### Extracted records
++++++++++++++++++++
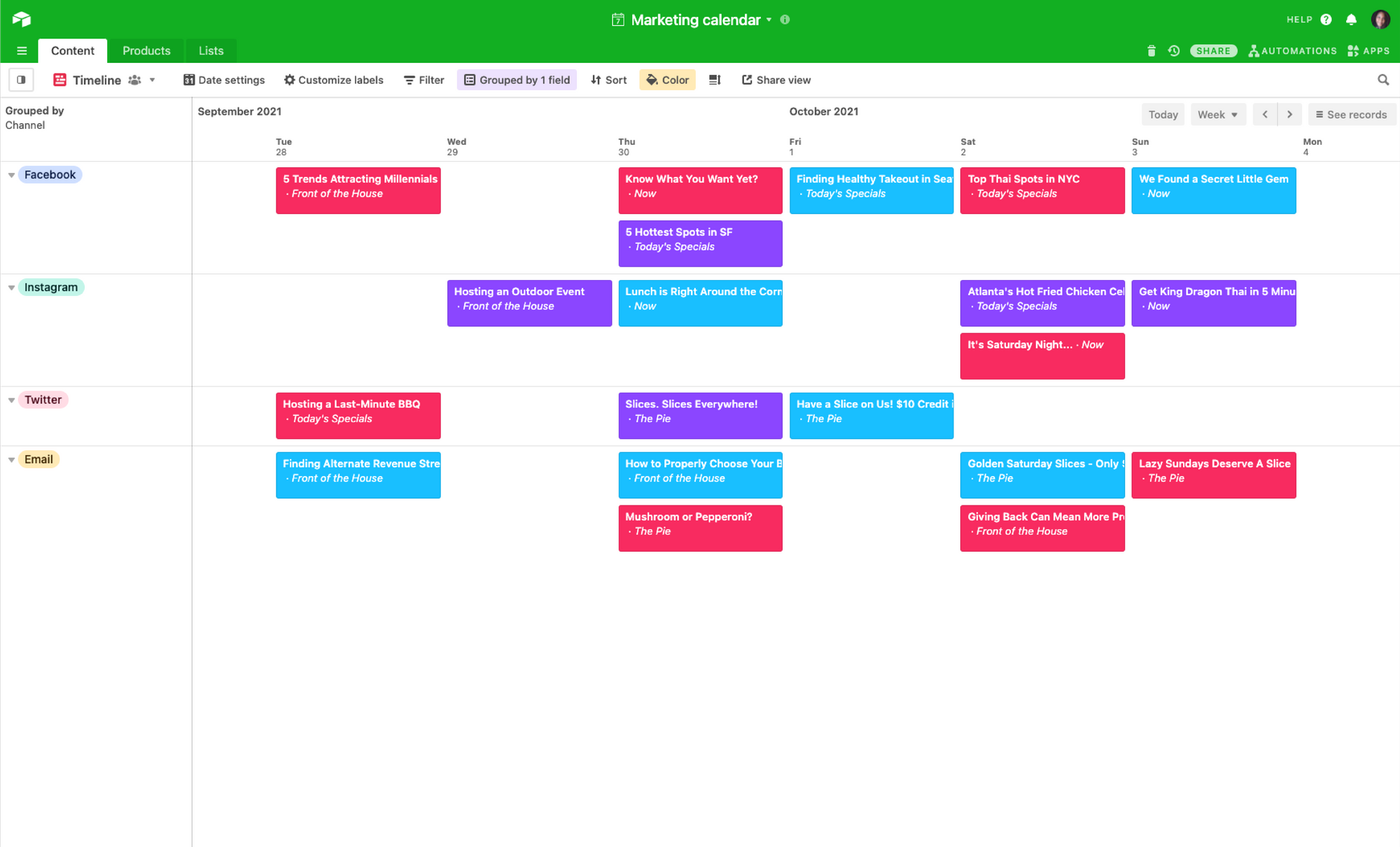 Our newest view groups records by fields and displays them neatly on a horizontal timeline, so your team can see what’s coming in the next day, week, or month. With Timeline view, you can check each team members’ weekly workload, schedule your content to run on certain days, color-code your data based on importance, and much, much more.
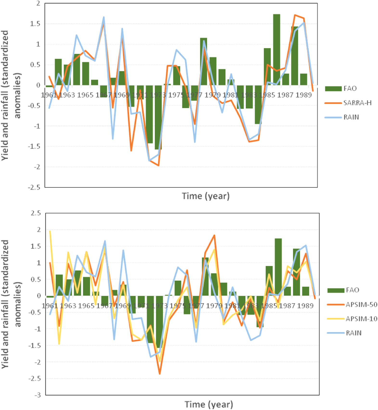 Since sorting out climatic and non-climatic trends in yield is not possible, detrending might also remove potential climate effects. In such a case, climate trends would force the simulated yields to show a trend as well. Therefore, the only way to make a comparison between observations and simulations fair is to detrend both. Thus we also remove the linear trend from simulated yield time series. The linear trend equation for crop models outputs are (i) yield = −38.2*year + 2839; yield = −28.7*year + 3323 for the APSIM simulations with a fertilization rate of respectively 10 kg ha−1 and 50 kg ha−1; and (ii) yield = −15.8*year + 2026 for the SARRA-H crop model. The strong declining trends in the APSIM crop yields are due to the soil fertility loss since there was no resetting of mineral inputs after the start of the simulation.
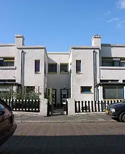 The Papaverhof includes 128 middle-class homes built in horseshoe fashion around a sunken garden. Besides the communal garden in the middle, each home has its own yard with enclosing wooden fence and cement flower pots in matching architectural style.
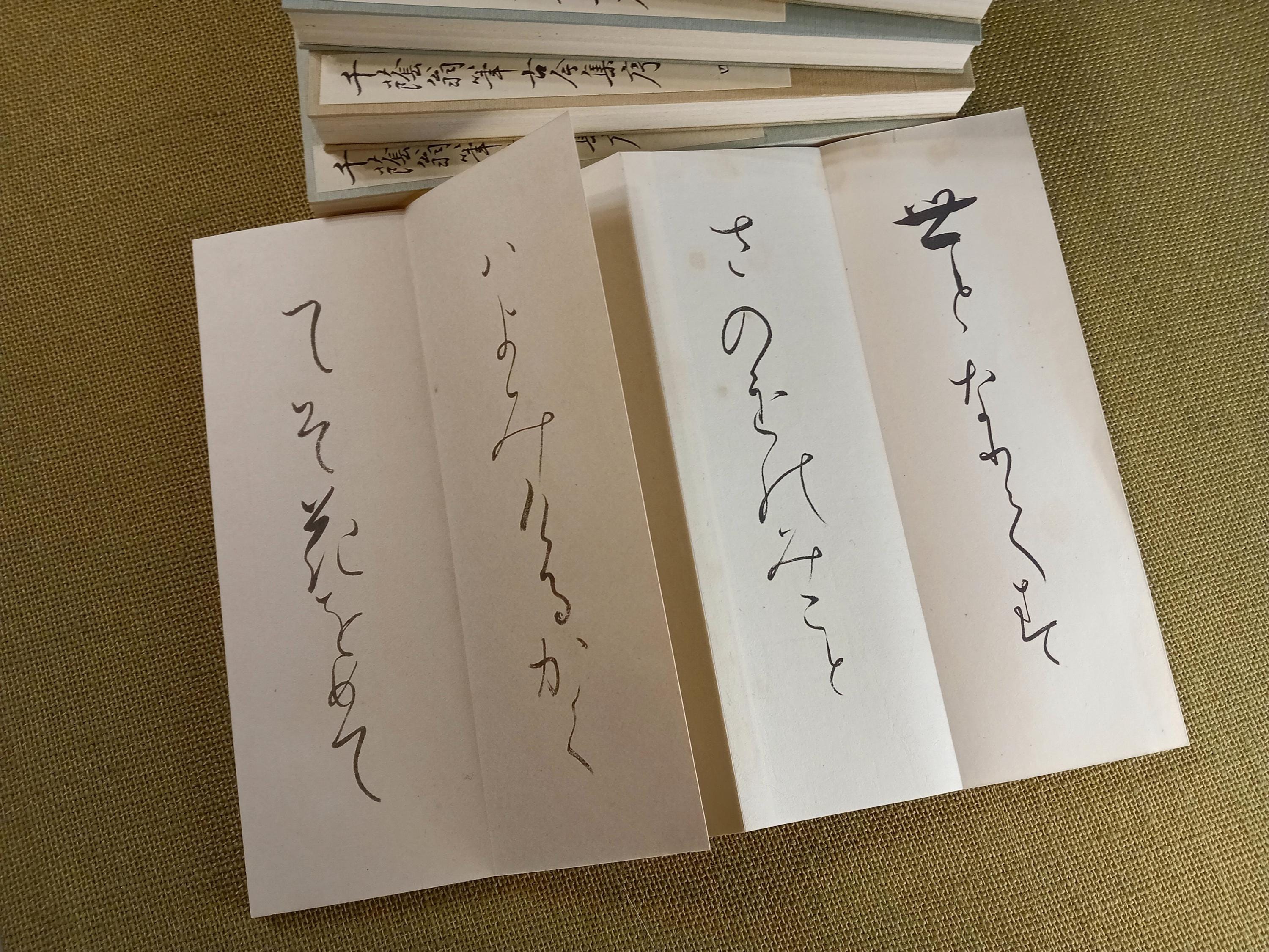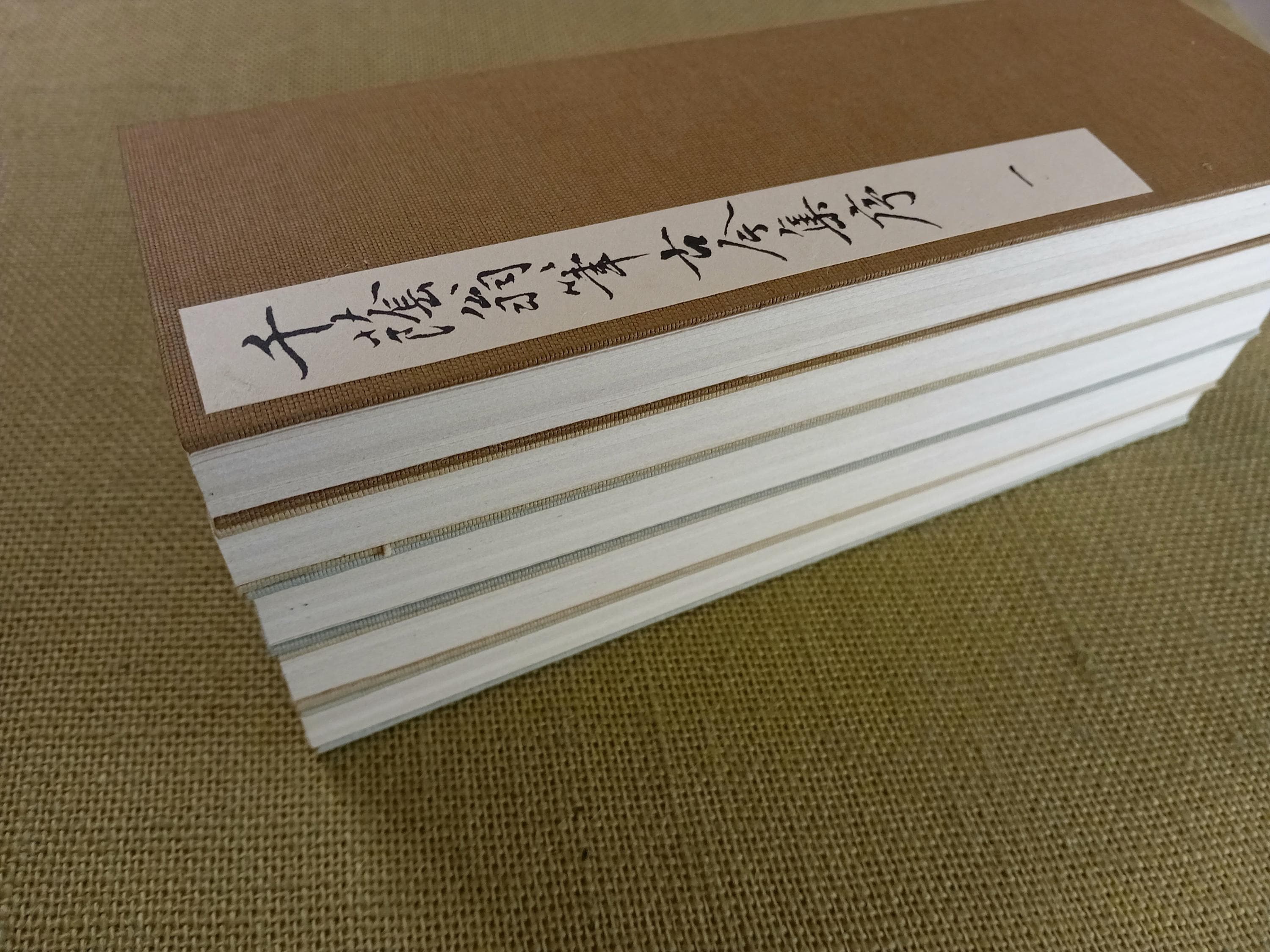 Five separate folding-book volumes (orihon format), complete set, with original cloth storage case.
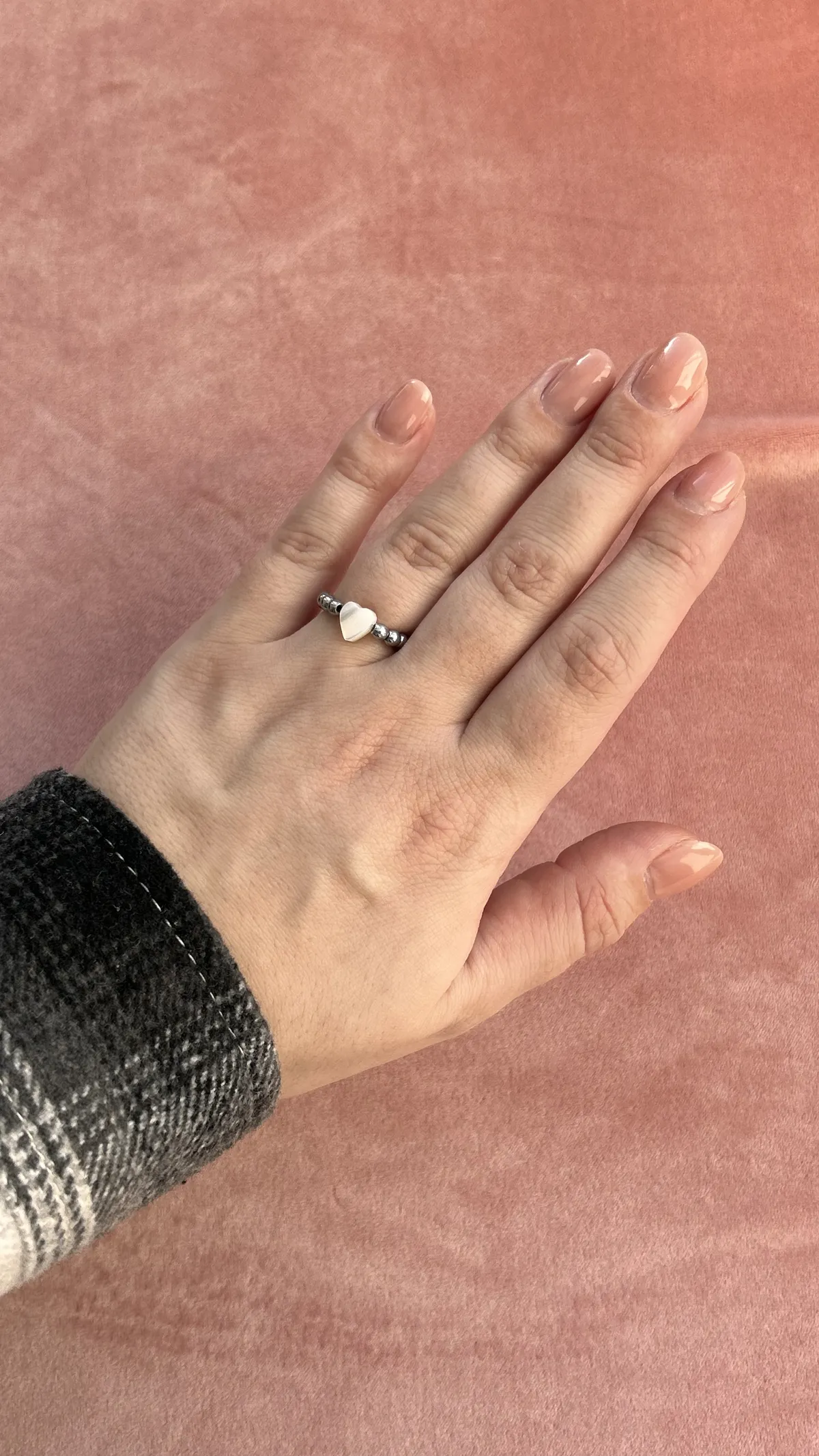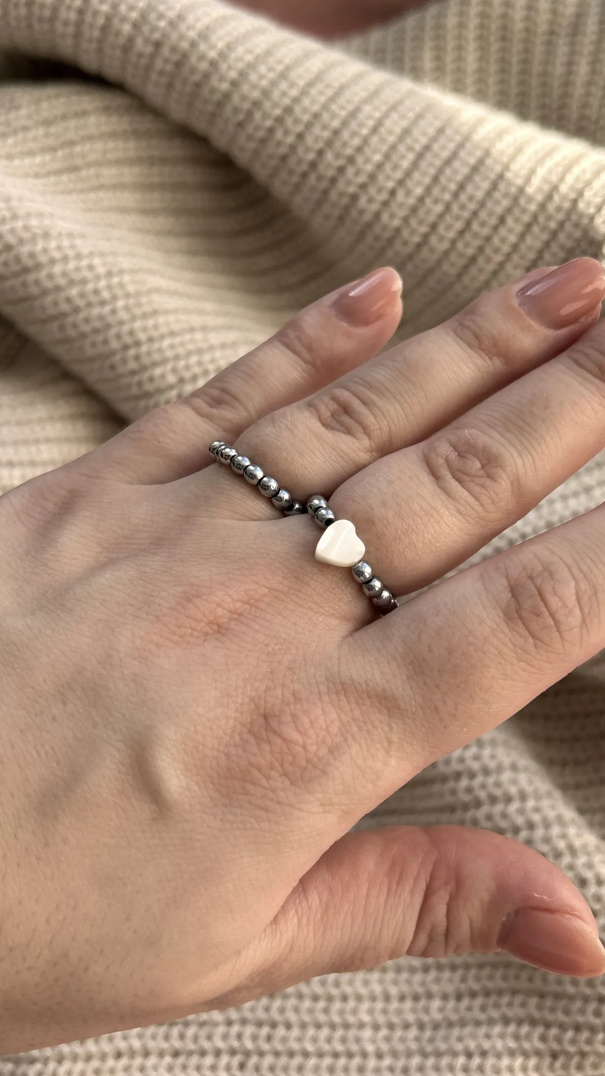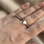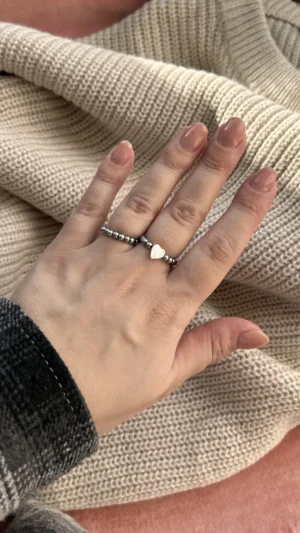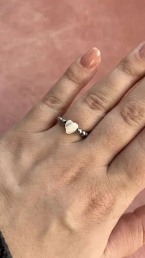 Лёгкое колечко из серебристых бусин с перламутровым сердцем — символом нежности и внимания к деталям. Прекрасно подойдет для ежедневной носки, сочетаясь с любым стилем и даря немного романтики каждому дню. Можно дополнять другими колечками.
++++++++++++++++++++
### Brief
Start at the line containing "Since sorting out" above and stop at the line containing "The Papaverhof includes". Output those lines exactly, both included, but none of the pictures.

### Answer to this exercise
 Since sorting out climatic and non-climatic trends in yield is not possible, detrending might also remove potential climate effects. In such a case, climate trends would force the simulated yields to show a trend as well. Therefore, the only way to make a comparison between observations and simulations fair is to detrend both. Thus we also remove the linear trend from simulated yield time series. The linear trend equation for crop models outputs are (i) yield = −38.2*year + 2839; yield = −28.7*year + 3323 for the APSIM simulations with a fertilization rate of respectively 10 kg ha−1 and 50 kg ha−1; and (ii) yield = −15.8*year + 2026 for the SARRA-H crop model. The strong declining trends in the APSIM crop yields are due to the soil fertility loss since there was no resetting of mineral inputs after the start of the simulation.
 The Papaverhof includes 128 middle-class homes built in horseshoe fashion around a sunken garden. Besides the communal garden in the middle, each home has its own yard with enclosing wooden fence and cement flower pots in matching architectural style.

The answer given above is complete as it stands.